**Data for processing**

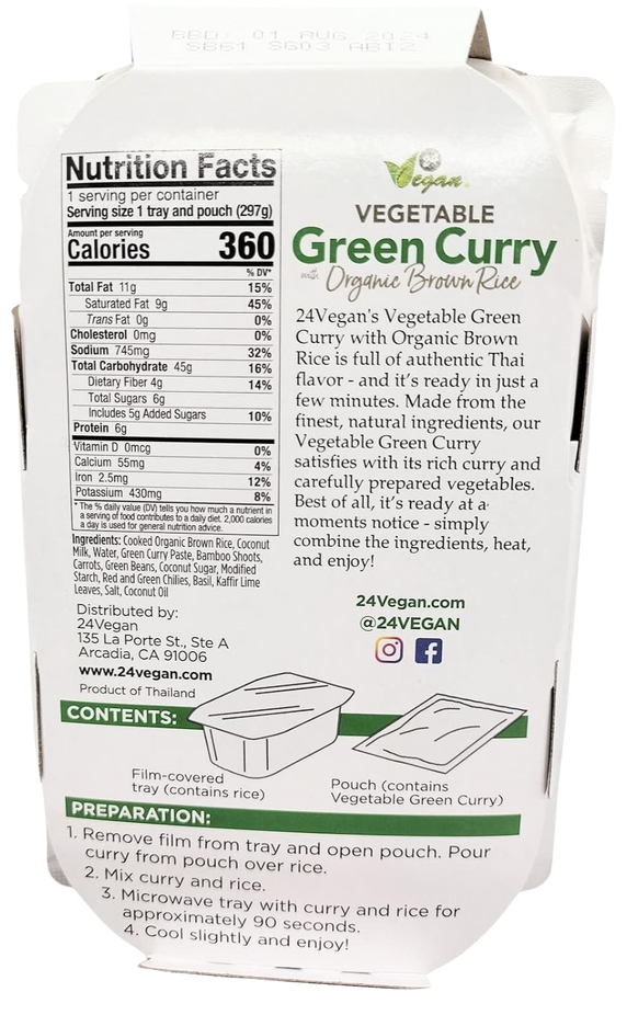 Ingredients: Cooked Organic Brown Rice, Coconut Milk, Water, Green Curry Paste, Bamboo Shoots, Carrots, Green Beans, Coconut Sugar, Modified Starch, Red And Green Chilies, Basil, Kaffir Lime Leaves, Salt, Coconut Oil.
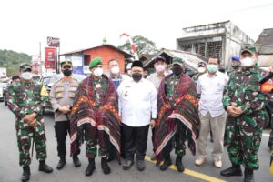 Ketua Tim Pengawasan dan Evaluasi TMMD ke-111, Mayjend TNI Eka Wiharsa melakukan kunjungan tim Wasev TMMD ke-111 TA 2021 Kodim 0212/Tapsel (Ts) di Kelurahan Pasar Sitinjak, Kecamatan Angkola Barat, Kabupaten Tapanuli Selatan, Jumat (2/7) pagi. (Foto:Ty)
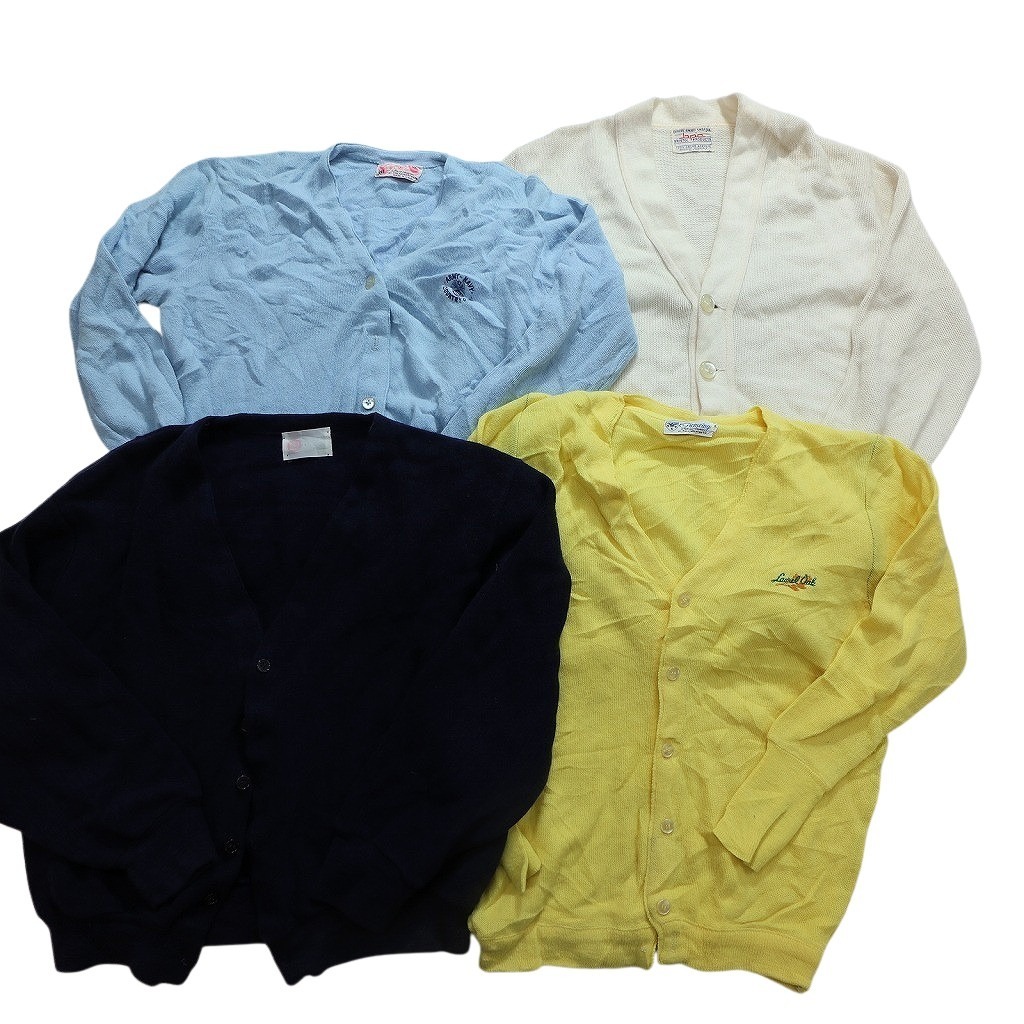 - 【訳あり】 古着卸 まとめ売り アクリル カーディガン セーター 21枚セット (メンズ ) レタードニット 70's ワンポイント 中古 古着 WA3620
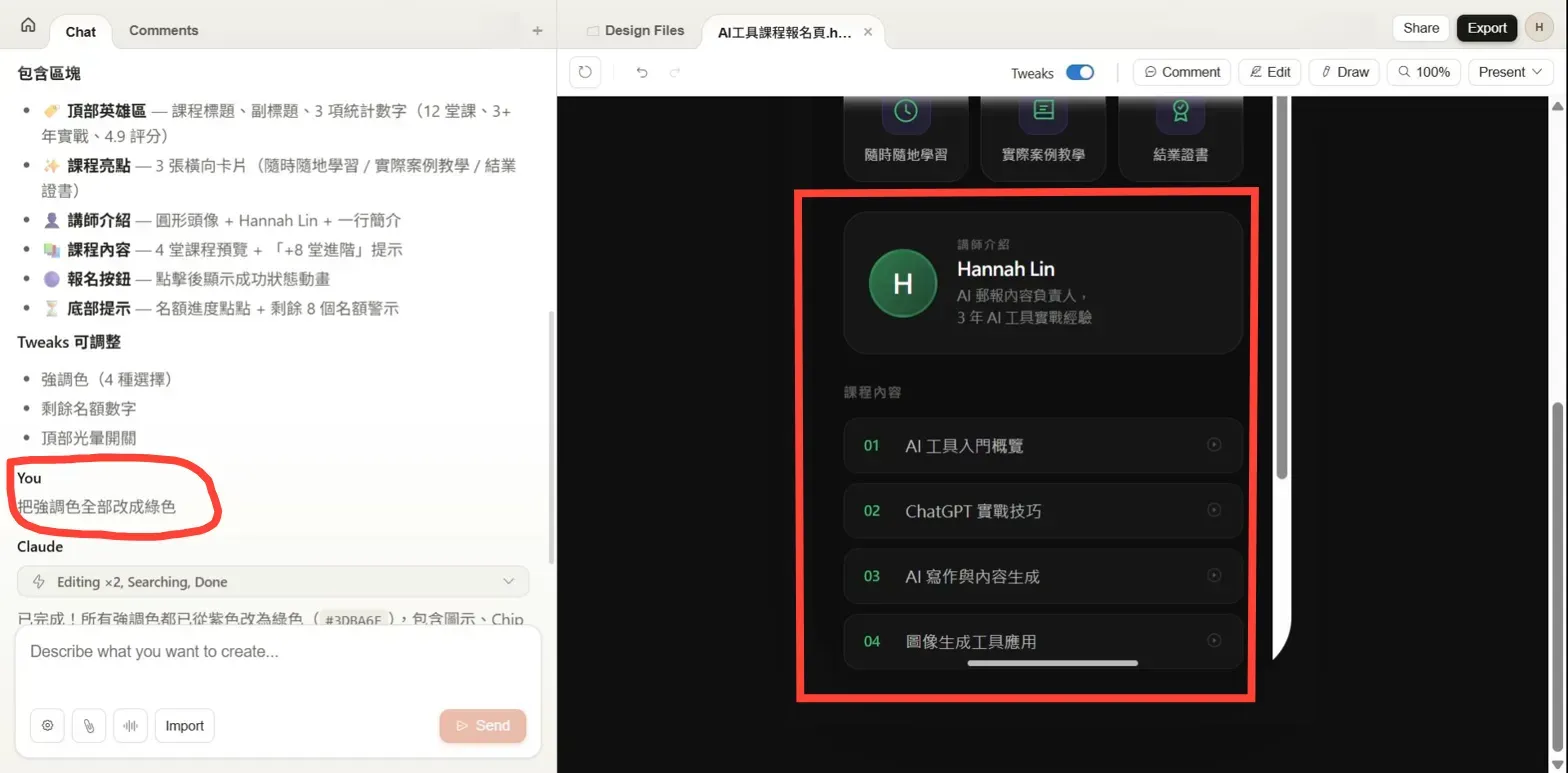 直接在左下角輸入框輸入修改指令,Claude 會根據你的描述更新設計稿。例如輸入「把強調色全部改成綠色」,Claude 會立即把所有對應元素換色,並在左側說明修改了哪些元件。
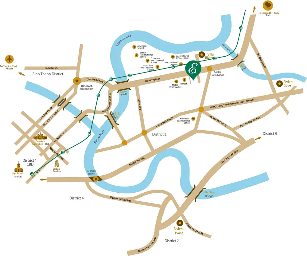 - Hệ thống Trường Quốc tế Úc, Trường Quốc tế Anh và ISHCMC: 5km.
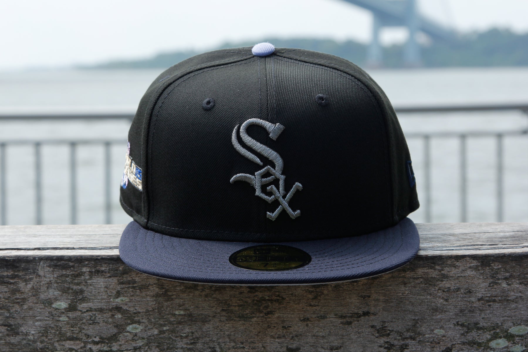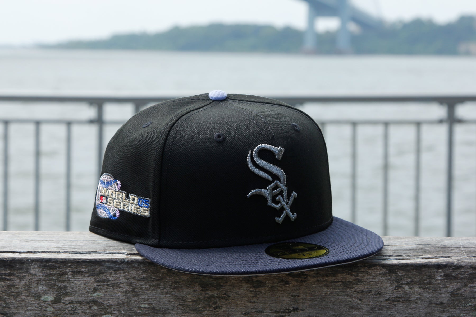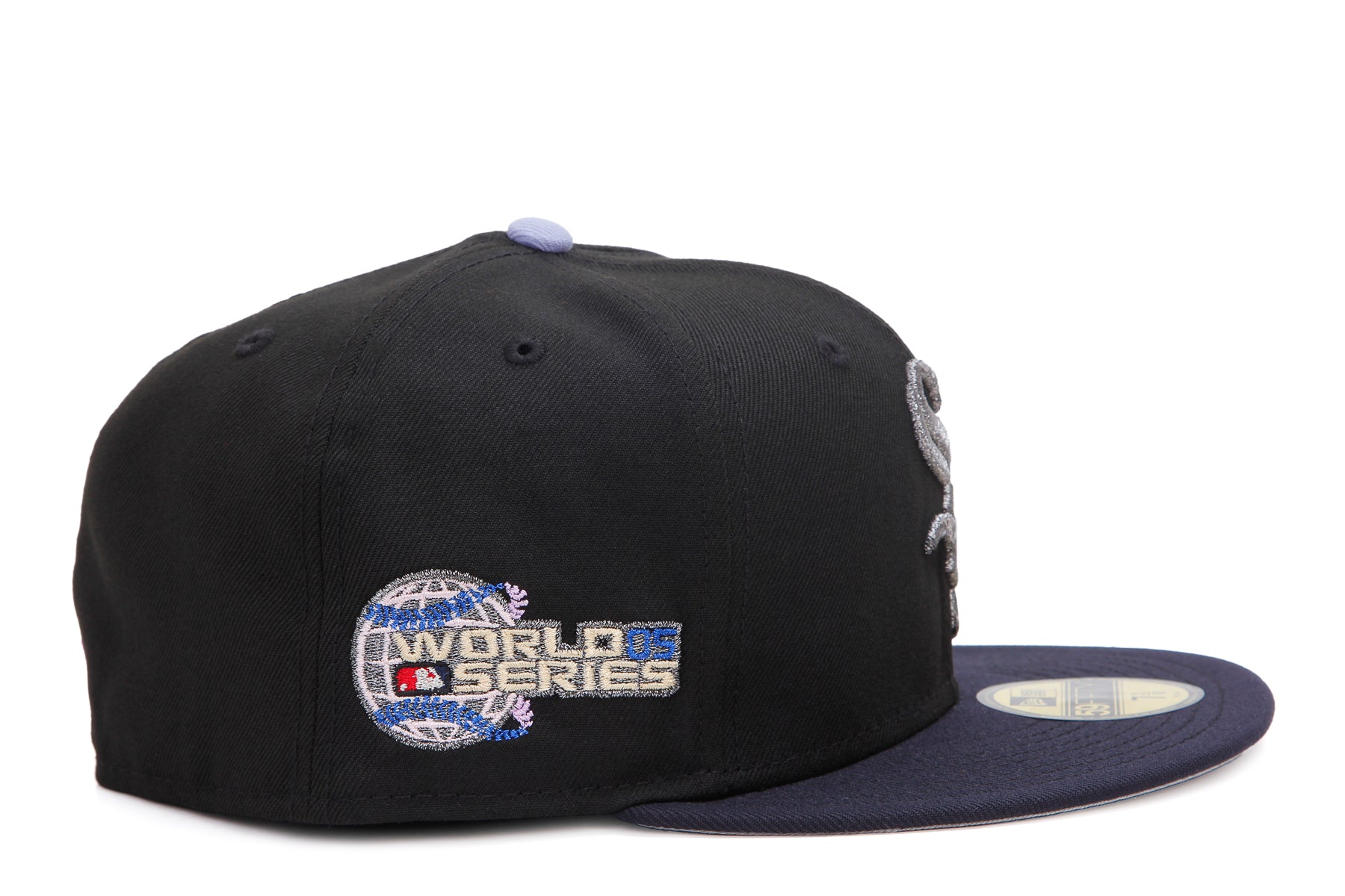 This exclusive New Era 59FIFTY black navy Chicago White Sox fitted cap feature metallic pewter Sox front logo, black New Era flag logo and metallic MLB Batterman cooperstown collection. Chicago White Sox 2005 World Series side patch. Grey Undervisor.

==

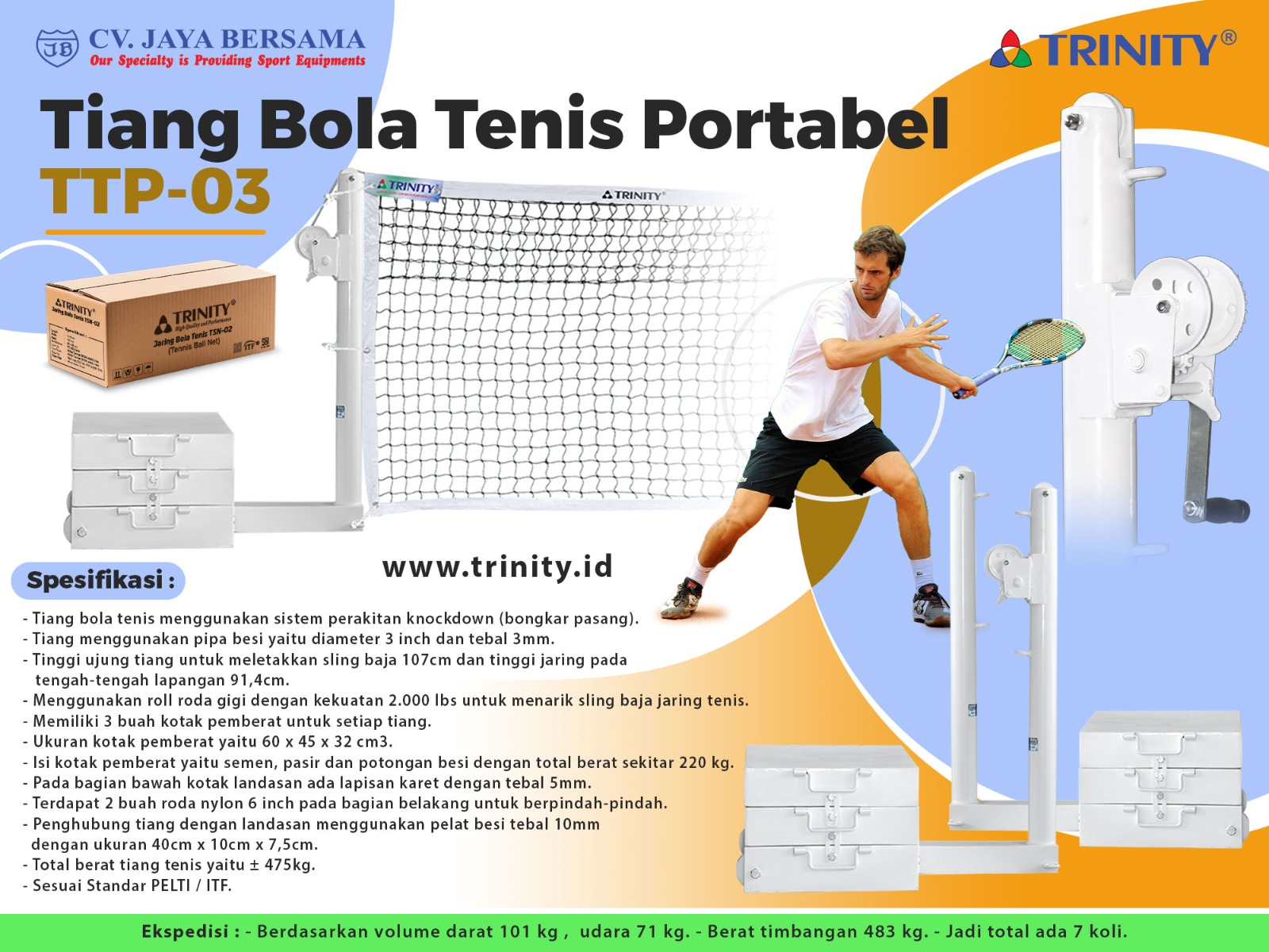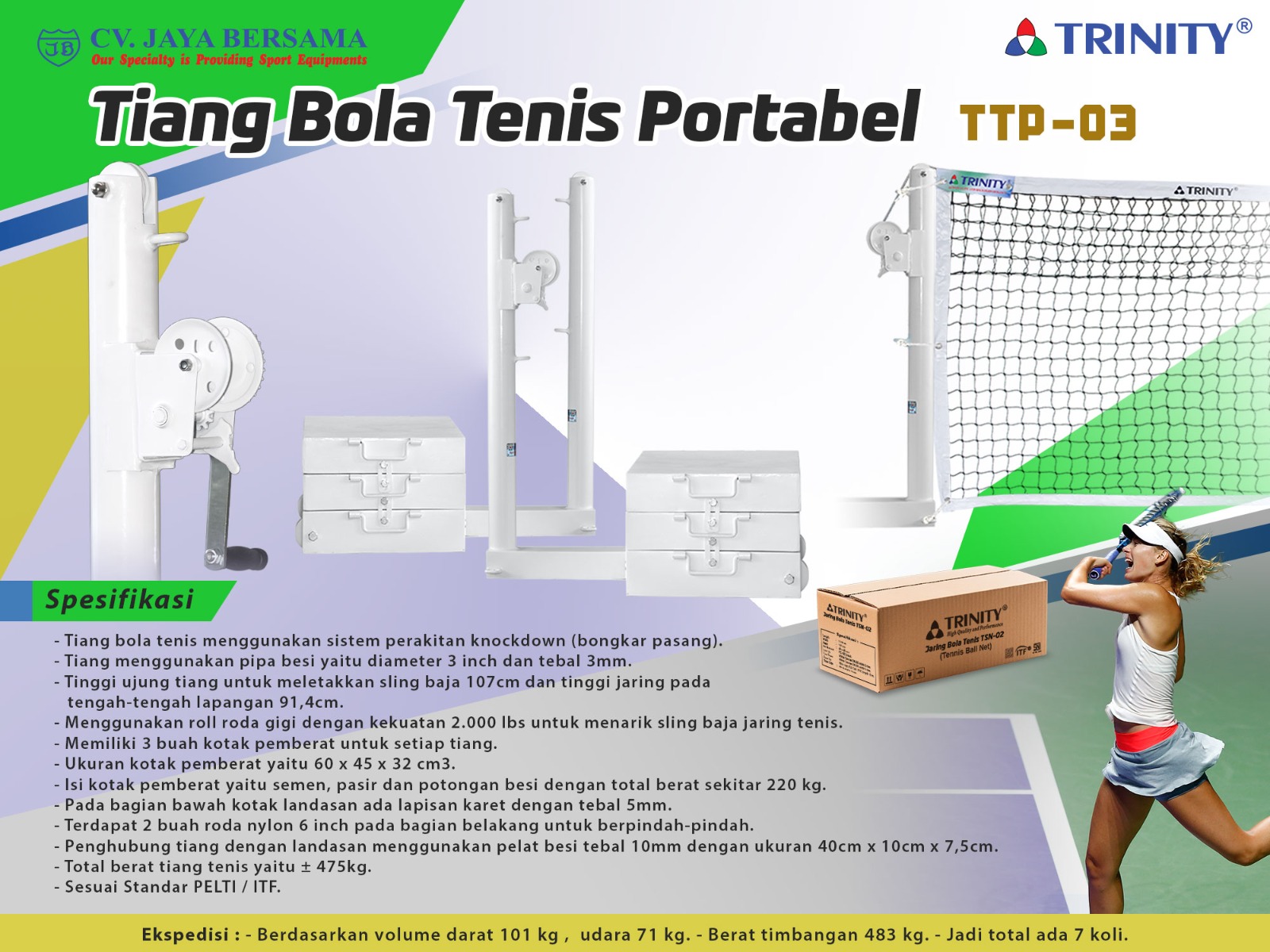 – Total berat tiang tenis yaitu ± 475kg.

**The problem**
For the data above, set down exactly the lines from the line with "- 【訳あり】 古着卸" to the line with "This exclusive New", both included, leaving pictures out.

**Response to the task**
 - 【訳あり】 古着卸 まとめ売り アクリル カーディガン セーター 21枚セット (メンズ ) レタードニット 70's ワンポイント 中古 古着 WA3620
 直接在左下角輸入框輸入修改指令,Claude 會根據你的描述更新設計稿。例如輸入「把強調色全部改成綠色」,Claude 會立即把所有對應元素換色,並在左側說明修改了哪些元件。
 - Hệ thống Trường Quốc tế Úc, Trường Quốc tế Anh và ISHCMC: 5km.
 This exclusive New Era 59FIFTY black navy Chicago White Sox fitted cap feature metallic pewter Sox front logo, black New Era flag logo and metallic MLB Batterman cooperstown collection. Chicago White Sox 2005 World Series side patch. Grey Undervisor.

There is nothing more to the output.